And it's time now for our Sunday group.
Senator Mitch McConnell's former chief of staff and president of Cavalry
Consultants, Josh Holmes. Marie Harf, executive director of the Serve
America PAC. And Jonathan Swan from "Axios."
Jonathan, Donald Trump says that he doubts he ever would have been elected
president without Twitter. How is he taking the Twitter ban at this point?
And, more generally, what do you since is -- or what are you hearing is his
mood in his final days in the White House?
JONATHAN SWAN, NATIONAL POLITICAL REPORTER, "AXIOS": Well, I've had a
number of conversations with President Trump over the last few years about
Twitter and FaceBook and he said to me on several occasions that it's his
most powerful weapon, it's his most powerful tool, and he believes that.
He may not be wrong, by the way. I mean he -- it's the way that he
communicates directly with the American people. He goes around the
mainstream media. He can speak to -- I think he's combined audiences at
least 150 million, may be more than that. His Twitter audience was
something like 88 million and it's an incredibly intense following. There's
people who just are addicted his Twitter feed. So he will see this is a
huge blow to him.
I spoke to two people who have talked to the president in the last 24
hours. They told me he wasn't yelling or raging. He's, obviously, very
angry about it. I know inside the White House right now they're trying to
turn their attention for the next few days on how they can fight back
against these social media companies.
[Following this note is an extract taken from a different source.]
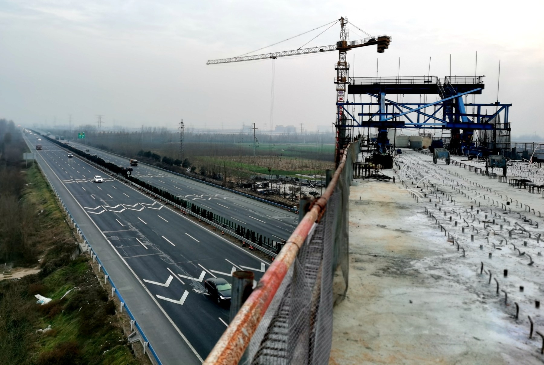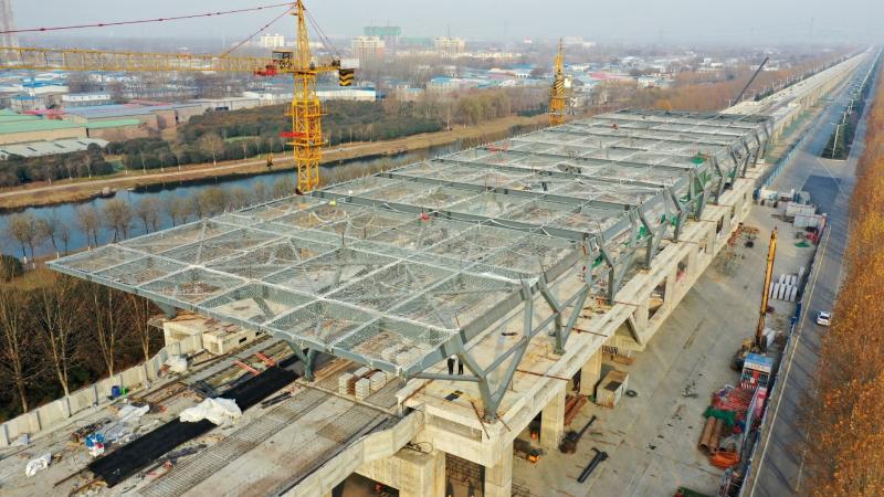 鄭許市域鐵路許昌段再傳捷報(bào),跨京港澳高速公路連續(xù)梁12月25日合龍。 記者 呂正子 攝

So I wouldn't be surprised -- I know
that -- I mean one person last night said to me, everything's on the table.
I don't what that means policy wise. I said are we talking executive
orders? They said, everything's on the table.
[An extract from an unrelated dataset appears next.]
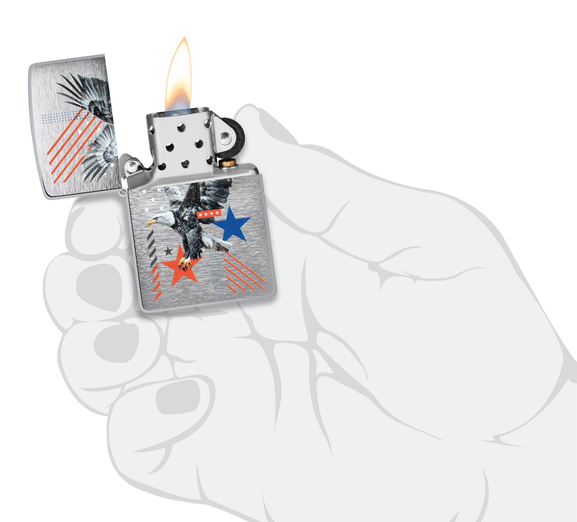 Backed by patriotic stars and stripes, a regal eagle soars across the surface of this classic Brushed Chrome lighter in a bold Color Image design.

I don't know what's achievable and what's realistic and what they can
actually do in terms of executive action. But I can tell you, they are
looking very, very hard at that and Dan Scavino, the president's social
media guy, is heavily involved in that.
WALLACE: Josh, Twitter is not a public utility, it's a private company. If
it says, as it does, that there is continuing talk about insurrection on
its platform, doesn't it have, one could argue, an obligation to police
that even if that rises up to the tweets of the president of the United
JOSH HOLMES, FORMER CHIEF OF STAFF TO MITCH MCCONNELL, PRESIDENT AND
FOUNDING PARTNER, CAVALRY: Well, they certainly have the ability as a
private company to do anything that they'd like to do, and that includes
platforming every conservative if they'd like to. I think the larger
problem here is any effort, historically-speaking, to stifle free speech
ultimately has resulted in making the problem that you're trying to cure
much, much worse because ultimately all of this speech gets funneled down
into smaller silos, to more extreme sects, to further radicalize and push
away sort of mainstream thought. And I think you can see that already
I'm less concerned about this in terms of what it means for Donald Trump's
Twitter account. I'm more concerned about the precedent that it sets for
conservative speech going forward. And I think that is what most
Republicans and conservatives are looking at as a real problem for what
Twitter has done here.
WALLACE: Some of the blowback to the Twitter ban is based on how Twitter
explained, justified cutting off the president. I want to put up a couple
Twitter said the president talking about American patriots is being
interpreted on Twitter as support for the mob that attacked the Capitol.
Twitter says the president announcing he won't attend the inauguration may
encourage people to attack on January 20th because he won't be there.
Marie, is there some tortured reasoning there to ban President Trump from
Twitter and what about the decision of Amazon and other big tech companies
now to basically shut down Parler, which is a social media platform that
conservatives have chosen instead of Twitter and FaceBook?
MARIE HARF, EXECUTIVE DIRECTOR, SERVE AMERICA PAC AND FOX NEWS
Well, Chris, Donald Trump has arguably violated Twitter's rules that they
have for their platform for years now. So while these last tweets that he
posted may not have been his worst, certainly he has done worse things on
Twitter. They were, I think, probably the last straw.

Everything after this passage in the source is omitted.